[INN-COMMITTERS] inn/lib (timer.c Makefile)

Fabien Tassin fta at sofaraway.org
Thu Feb 8 09:13:21 UTC 2001


According to Russ Allbery:
> 
> Fabien Tassin <fta at sofaraway.org> writes:
> 
> > Here is the patch.. 3 files are impacted.
> 
> > - 2 to move TMRinit() *before* the first call to TMRstart()
> 
> What's calling TMRstart before CHANreadloop?  Whatever that is should
> probably be fixed.  The timer statistics are going to be sort of
> meaningless before the main loop starts, since innd will still be doing
> all sorts of setup stuff that won't be representative of its normal
> operation.

AFAIR, it is HIS_SYNC called while renumbering the active file in ICDsetup().
With my implementation, it should not be a problem to start the timer
at the beginning but it is bad to call a timer before the initialization.

> > - 1 for */timer.c. If the recent changes are that general, this patch
> > should not be a problem.
> 
> Yup, I can merge this in, no problem.
> 
> Looking this over, though, I think I can simplify this,

in which way ? 

>  and I'm thinking
> that since we're all in the middle of this timer code anyway, maybe we
> should go ahead and bite the bullet and change the API so that it's
> thread-safe

I don't think we have to care about begin thread-safe in the current INN.
It will only add complexity and it will remain only partial as everything
else is nor threaded nor threadable. I think thread should be kept for
INN 3.* which I hope will be based on INNT.

> (by returning a context from TMRinit -- or timer_init, since
> I'd rename all the functions if we change the API to make sure that I can
> catch all of the calls -- and requiring it as the first argument to all
> the other calls).  We'll have to do this sooner or later anyway if we're
> going to use this code with multiple threads.
> 
> I think we can also make this somewhat more efficient, not that it
> probably matters all that much but linked lists are always annoying to
> traverse.

If you read the patch, you'll see that once each timer has been called
once, it is only a matter of moving a pointer to its direct neighbour
or at worse, a simple one way linear search.

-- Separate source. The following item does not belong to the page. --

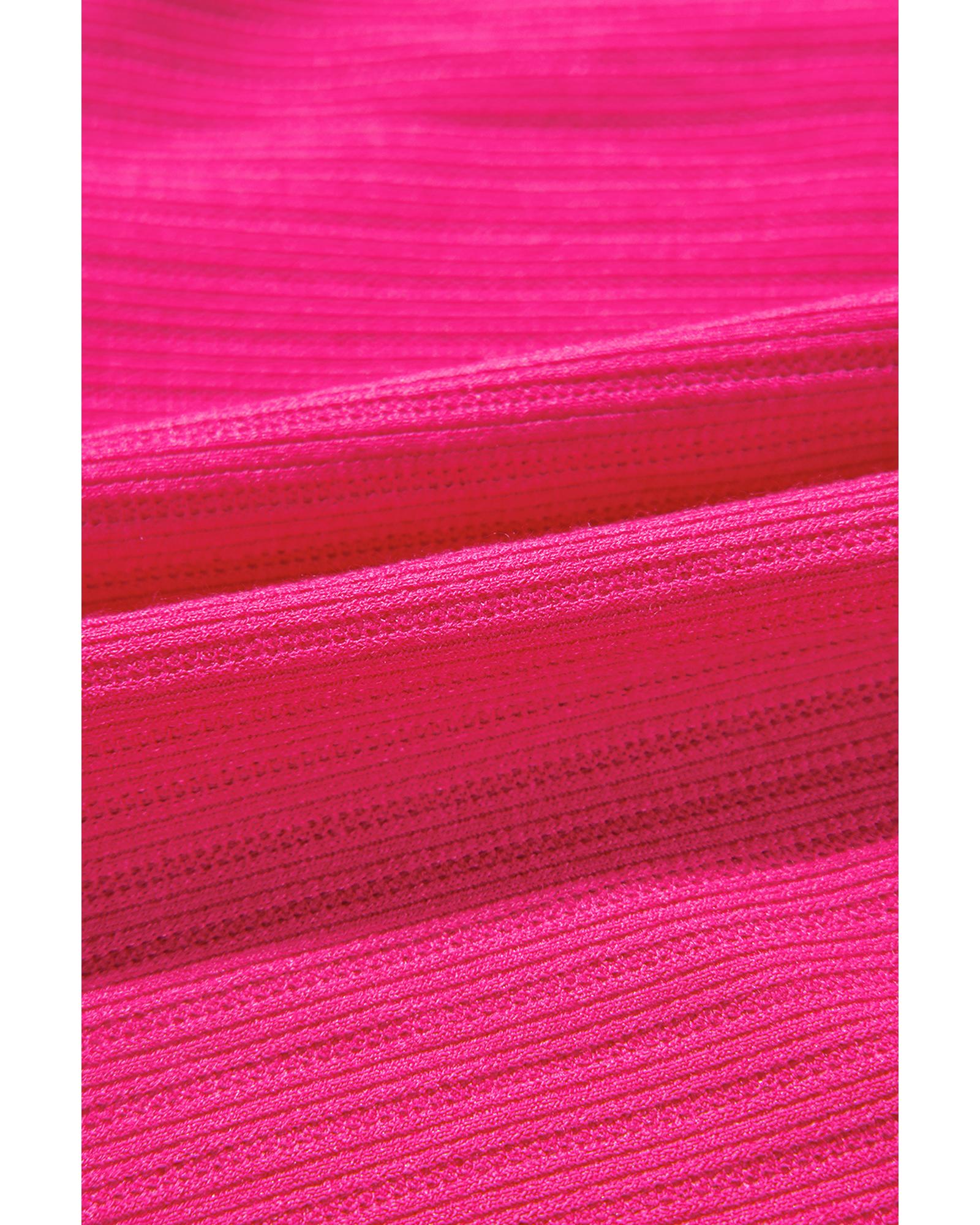 This colorful crochet mini dress features a vibrant rose red color with a textured fabric design. It is crafted with a V neckline, long sleeves, and a tiered, ruffled hem, creating a stylish and feminine silhouette. The dress offers high elasticity for a comfortable fit and is suitable for various occasions.
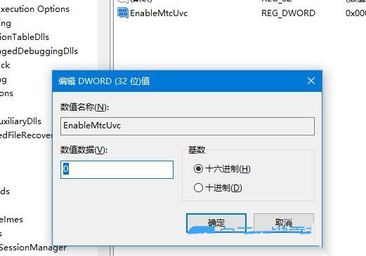 5、随后,双击打开“enablemtcuvc”,设置“数值数据”值为0,点击确定即可。

>  How's this sound, for solving both of those problems....
> 
> struct timings {
>     unsigned int max;
>     unsigned int current;
> 
>     struct timer *timers;
> }
> 
> struct timer {
>     unsigned long start;
>     unsigned long cumulative;
>     unsigned long count;
> 
>     struct timer *parent;
>     struct timer *first_child;
>     struct timer *last_child;
>     struct timer *next;
> }
> 
> timer_init would return a struct timings * and everything else would take
> a pointer to that struct.  It contains an array of timers, so starting and
> stopping timers will still be a simple array lookup rather than having to
> chase pointers to find one.  If a timer is already running, set parent of
> the new timer to point to the running timer and update last_child of the
> parent and the next pointer of the old last_child (provided that parent is
> NULL; if parent isn't NULL and doesn't match current, that's an error and
> we can warn and reject the timer start.

a simple array lookup given which index ? I fear I do not follow you
here. How big will it be for a 5 levels nested timer taken in a list of 10
declared timers ?? 10^5 * sizeof(struct timer) ?

> Then, the same summary routine that your code uses can be used to produce
> the right output in the right order.
> 
> I think that may be easier to follow (I hate reading code that constructs
> linked lists), but that could be my prejudices showing.  What do you
> think?

Looking only at your timer struct, I can't see what you'll gain compared
to my implementation. If you want to substitute my lists by arrays, you'll
spend your time in (re)init code.
Or did I miss something ?

> If the above sounds good, I can do the work and change all the current
> timer calls.

If you do that, I wish to add a level to each timer and an argument to
"ctlinnd time" with its pending option in inn.conf. If a given timer is
called with a level greater than the current limit, it is ignored.
It will allows us to use nested timers spread at all critical points
with no cost for those that are not interested by them.